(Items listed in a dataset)
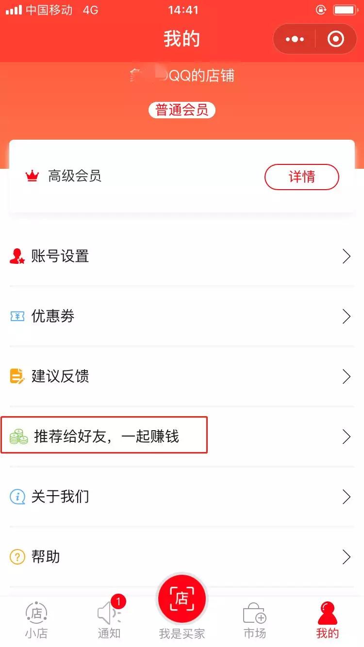 進(jìn)入創(chuàng)新互聯(lián)賣家界面,點(diǎn)擊“我的”,我們可以看到“推薦給好友,一起賺錢”。
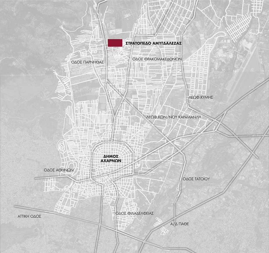 Αν η χωροθέτηση των στρατοπέδων εξεταστεί σε σχέση με την πόλη, προκύπτουν ορισμένα ιδιαίτερα κρίσιμα συμπεράσματα. Στην περίπτωση της σχέσης Αμυγδαλέζας και μητροπολιτικού κέντρου της Αθήνας πολλαπλές συνθήκες ορίου συγκροτούν αυτή τη σχέση, σπρώχνοντας στο αθέατο, “εκεί που το μάτι δε φτάνει” τις υπάρξεις των μεταναστών. Μετά από μια επιχείρηση σκούπα κανείς δεν μπορεί να τους δει. Μη προσβάσιμος και αποκλεισμένος από το βλέμμα, ο μη-τόπος της Αμυγδαλέζας γίνεται το μάτι που επιτηρεί την τάξη και την ασφάλεια στο κέντρο της μητρόπολης.
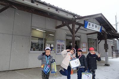 雪の板荷駅をスタート寒さの中でも笑顔の子供たち
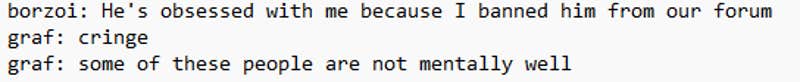 In a subsequent conversation between the two, borzoi referenced banning someone from his forum and opined that the man was "obsessed" with him as a result.
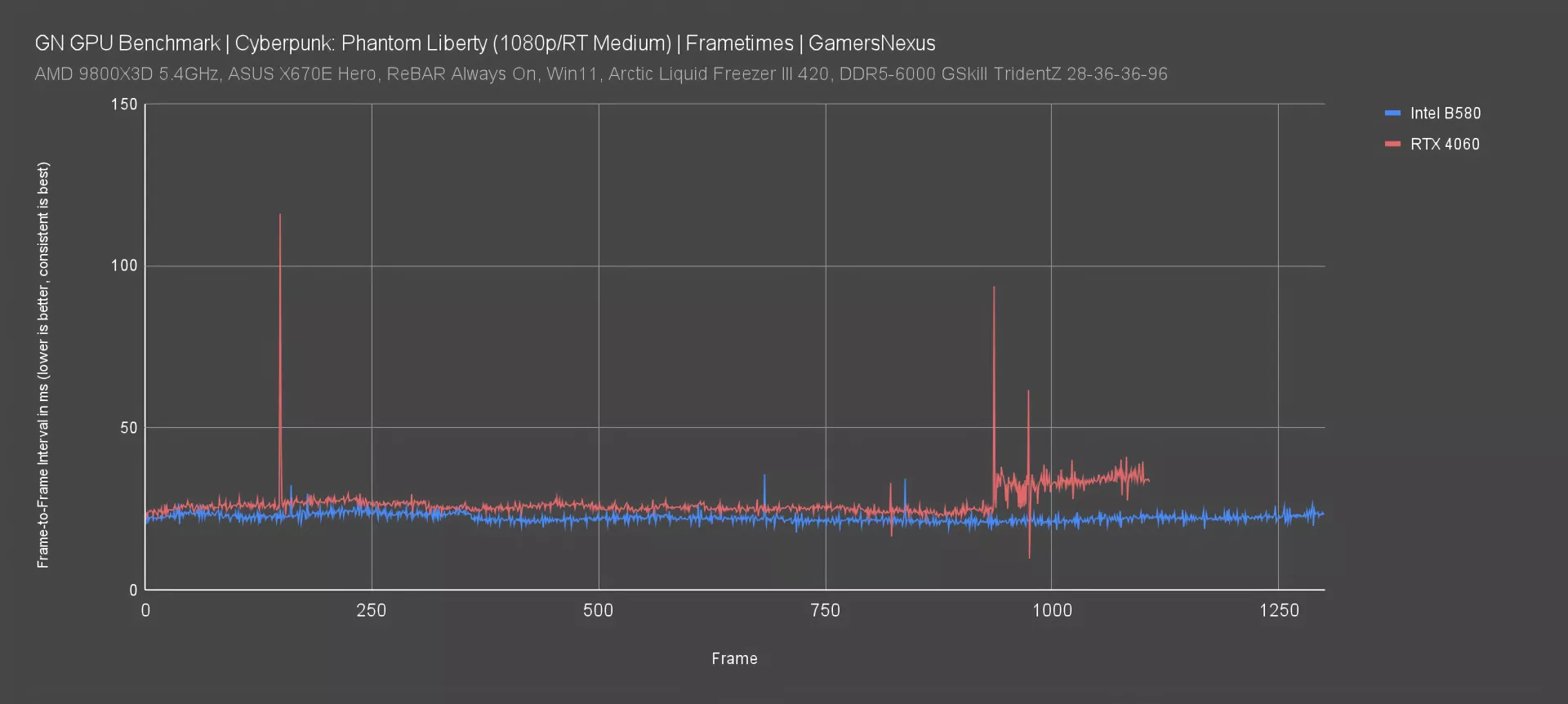 Lower is better, more consistent is best. Although the B580 is at times lower than the RTX 4060, the card experiences occasional but massive excursions from the previous frame. We’re seeing some jumps upwards of 20ms, which is noticeable, but not necessarily game-breaking -- it depends on the frequency of them. In this case, you’d notice. Arc has improved substantially from Alchemist in this specific regard, but it’s clear that Intel still has some work to do in at least Dx11 with this game.
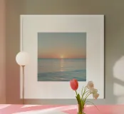 Tramonto sulle calme acque dell'oceano con riflessi pastello poster
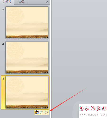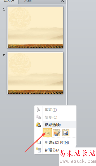 7、然后在第一張幻燈片下方右鍵粘貼即可。
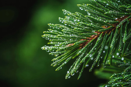 This image presents a stunning closeup view of a pine branch beautifully adorned with sparkling dew drops, effectively highlighting the intricate beauty and freshness found in nature all around us
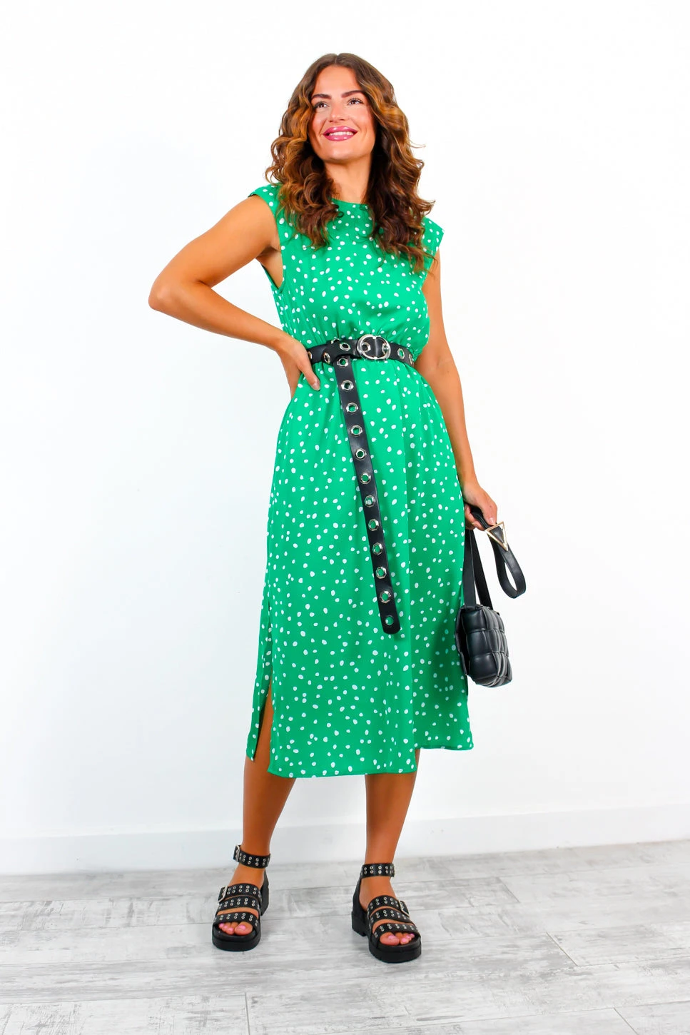 Spotting you in a crowd? That’s easy, baby! Look fierce at your next get-together in this stunning polka dot print midi dress. Featuring a green base with white spots, this sleeveless stunner features subtle shoulder pads, a removable fabric waist tie and two side leg splits for added flirty flair. Team with strappy black sandals and a slick of red lipstick for a look to drive the bar wild!

*YOUR TASK*.
Your task is to print exactly the lines from the one containing "In a subsequent" through the final line of the records above, with no pictures and nothing more.

*REPLY TO THE EXERCISE*.
 In a subsequent conversation between the two, borzoi referenced banning someone from his forum and opined that the man was "obsessed" with him as a result.
 Lower is better, more consistent is best. Although the B580 is at times lower than the RTX 4060, the card experiences occasional but massive excursions from the previous frame. We’re seeing some jumps upwards of 20ms, which is noticeable, but not necessarily game-breaking -- it depends on the frequency of them. In this case, you’d notice. Arc has improved substantially from Alchemist in this specific regard, but it’s clear that Intel still has some work to do in at least Dx11 with this game.
 Tramonto sulle calme acque dell'oceano con riflessi pastello poster
 7、然后在第一張幻燈片下方右鍵粘貼即可。
 This image presents a stunning closeup view of a pine branch beautifully adorned with sparkling dew drops, effectively highlighting the intricate beauty and freshness found in nature all around us
 Spotting you in a crowd? That’s easy, baby! Look fierce at your next get-together in this stunning polka dot print midi dress. Featuring a green base with white spots, this sleeveless stunner features subtle shoulder pads, a removable fabric waist tie and two side leg splits for added flirty flair. Team with strappy black sandals and a slick of red lipstick for a look to drive the bar wild!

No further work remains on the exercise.